Earlier, I compared David Foster Wallace’s writing with that of Saunders. Likewise, John C. Hawkins’s Liberty University Master’s thesis, Life Inside the Spectacle: David Foster Wallace, George Saunders, and Storytelling in the Age of Entertainment (2013), offers an insightful reading of and commentary on Saunders’s In Persuasion Nation alongside Infinite Jest . He argues that both books “confront the problems of isolation and dehumanization created by entertainment-based consumerism” (Hawkins 4) and especially notes Saunders’s idiosyncratic language and use of first-person and close third-person narrators. Like Hawkins, Laura Morris also compares a contemporary author with Saunders in “Beyond Irony: Reconsidering the Post-Postmodernism of George Saunders and Dave Eggers” (2016). She focuses on how the narratives of both authors demonstrate a “recent literary development” that centers “on new possibilities of sincerity in order to transcend postmodernism’s use of self-reflexive irony” (Morris 117). Her critical stance is, for all purposes, nearly equivalent to that of Adam Kelly’s concept of New Sincerity, except that she draws on the philosophy of Jacques Rancière to make her point. Like Kelly, Hawkins, and Morris, most critics of Saunders examine his writing in terms of recent cultural and social criticisms, often by exploring how language functions in his texts or how ethical situations are presented, yet their approaches are quite varied.

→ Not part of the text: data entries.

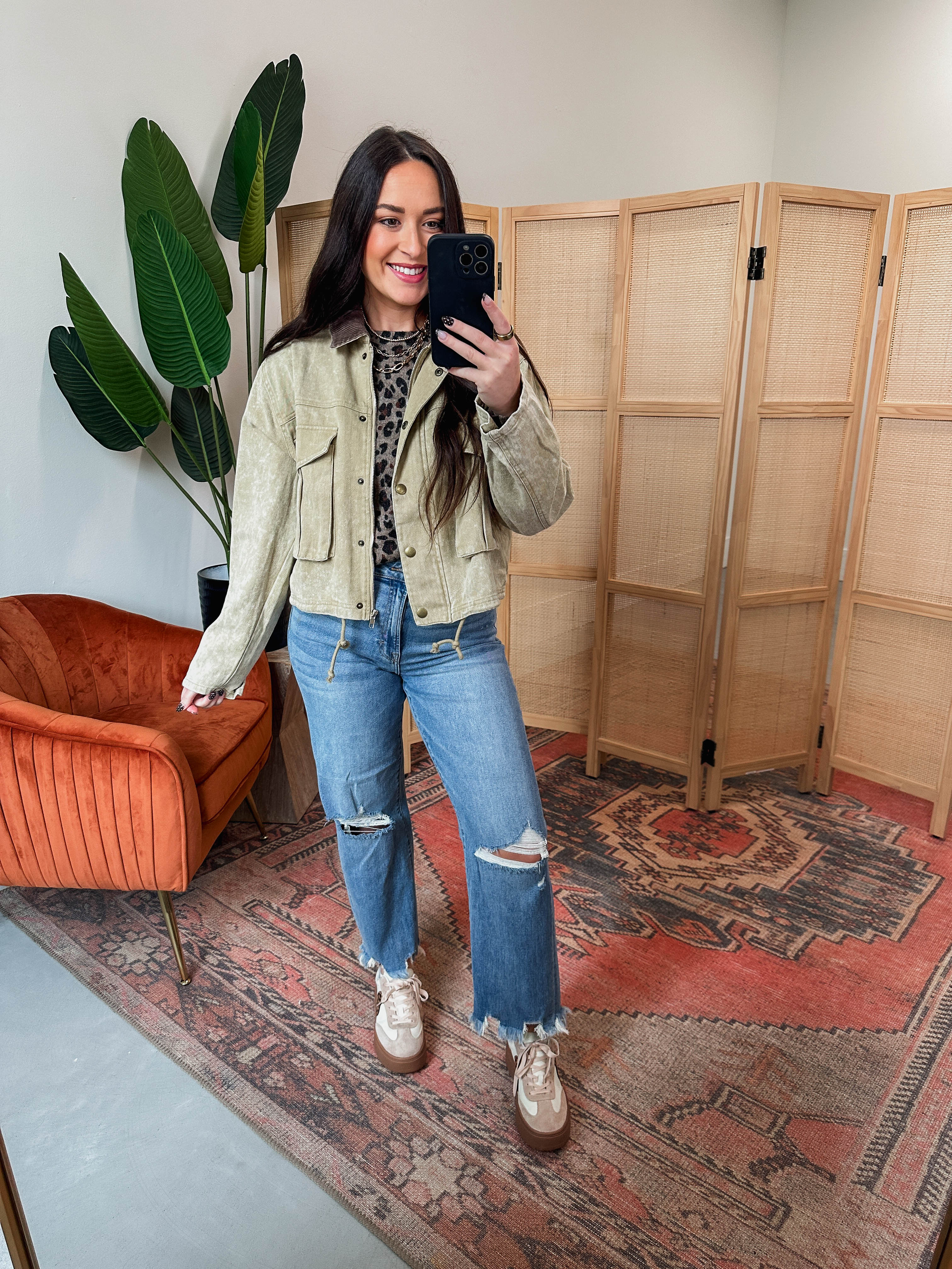 The Elliot Jacket is your new fall fave—denim with a cozy corduroy contrast for extra charm. Featuring a collared neckline, button front, and dual pockets, plus a drawcord waist to keep things snug and stylish. Perfect for crisp autumn days!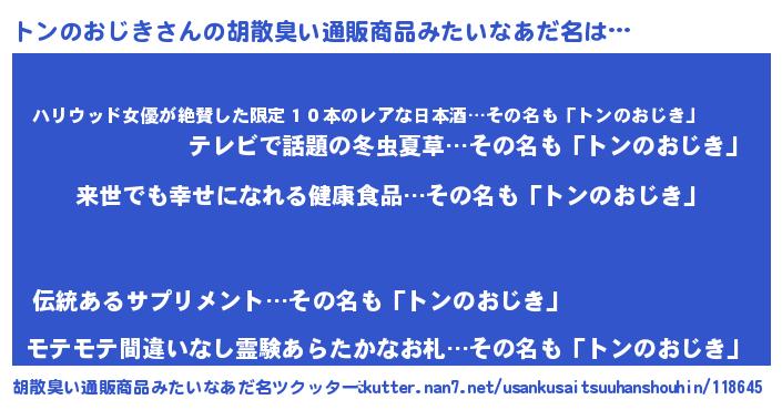 | 男性向けラノベタイトル風あだ名 | 『トンのおじきという概念が存在しない退屈な世界 』 |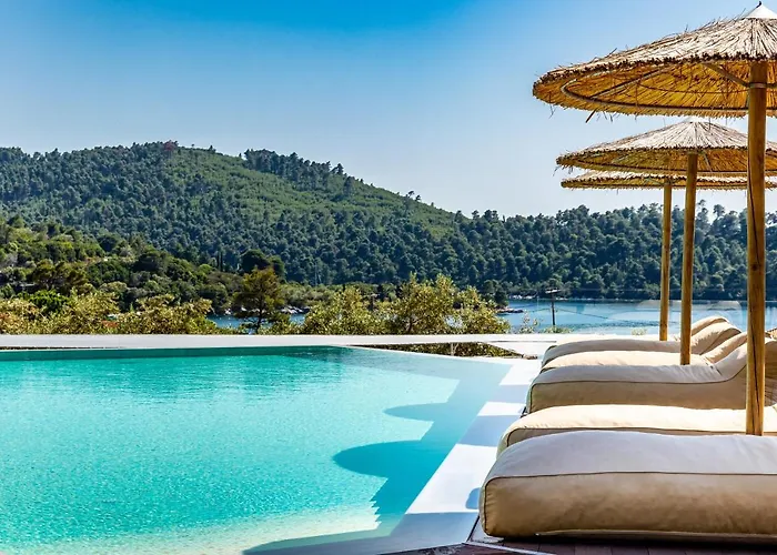 Panormos Beach Hotel Skopelos, rated 9.2/10 on Booking.com, offers air-conditioned rooms with furnished balconies overlooking the Aegean Sea or hotel gardens. This family-friendly hotel features a seasonal outdoor pool and common spaces adorned with traditional details like antique furniture.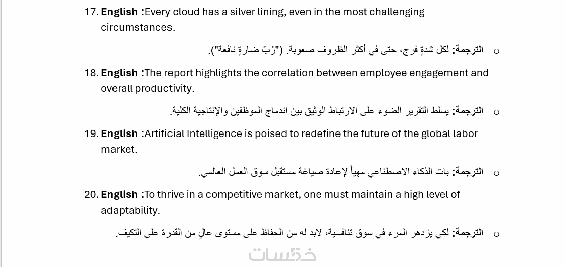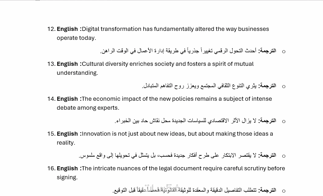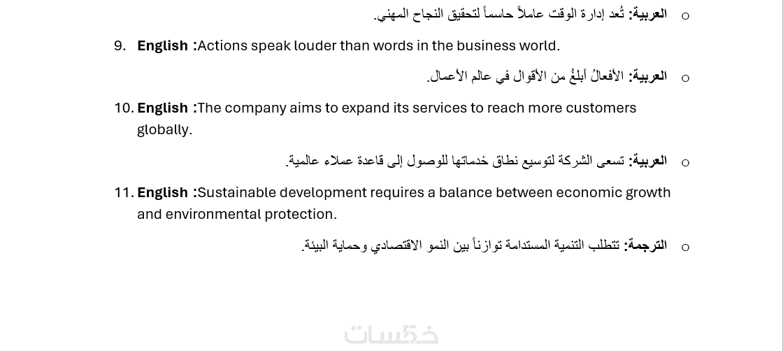 - ترجمة 600 كلمة يدويًا باحترافية وبصياغة قوية مع بنك كامل من المصطلحات والكلمات المختلفة من اللغة العربية الي الإنجليزية من مختلف المصادر سواء من مقالات ، اوراق علمية ، محادثات ، قصص....الخ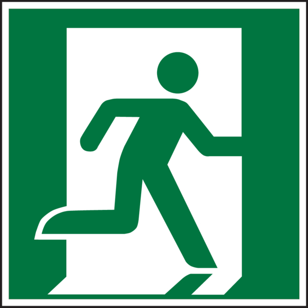 Rettungszeichen, Rettungsweg/Notausgang rechtsweisend E002 - ASR A1.3 (DIN EN ISO 7010) - 150x150x1.5 mm Kunststoff nachleuchtend

Two studies on class are found in essays by Juliana Nalerio and David P. Rando. Juliana Nalerio’s essay, “The Patriarch’s Balls: Class Consciousness, Violence, and Dystopia in George Saunders’s Vision of Contemporary America,” offers a critical reading of “The Semplica Girl Diaries,” analyzing class anxiety and “the latent violence inherent in America’s post-colonial capitalist system,” as well as the techniques Saunders uses to expose violence (2015, 90). David P. Rando also considers class in his essay “George Saunders and the Postmodern Working Class,” which describes how Saunders’s story “Sea Oak” and his fiction in general challenges readers “to reconsider basic questions of class representation” (2012, 437).

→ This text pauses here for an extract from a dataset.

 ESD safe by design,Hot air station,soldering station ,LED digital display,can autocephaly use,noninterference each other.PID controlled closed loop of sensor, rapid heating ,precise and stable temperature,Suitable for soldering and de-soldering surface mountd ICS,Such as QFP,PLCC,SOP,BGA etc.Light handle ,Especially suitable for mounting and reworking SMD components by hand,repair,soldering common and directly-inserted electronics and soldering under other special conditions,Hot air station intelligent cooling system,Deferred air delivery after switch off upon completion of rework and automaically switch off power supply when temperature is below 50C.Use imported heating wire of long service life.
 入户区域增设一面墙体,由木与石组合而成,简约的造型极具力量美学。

Critics also have commented on Saunders’s fictional worlds. In a politically charged reading, “Changes in Totalitarianism: Hannah Arendt, Franz Fühmann, and George Saunders,” Todd Cesaratto investigates how “the structure and semantics of totalitarian organization have changed” and adapted to “power-sharing” social structures (2011, 74). He compares the totalitarianism found in both the socialist system of Franz Fühmann’s “Der Haufen” and the capitalist, hyperconsumer cultural setting of Saunders’s “My Flamboyant Grandson.” The effects of a hyperconsumer totalitarian technoculture also are examined in Gil Germain’s “‘It’s Not Yours to Do With What You Like!’ A Critical Reading of George Saunders’ Jon” (2014). Germain notes “how Saunders uses language to underscore the general point that there is no strict separation between our inner thoughts and feelings [...] and the world with which we interact” (n.p.). We learn much about the worlds where Saunders’s characters exist, which are like caricatures of our own, based on how the characters speak, think, and interact with their surroundings.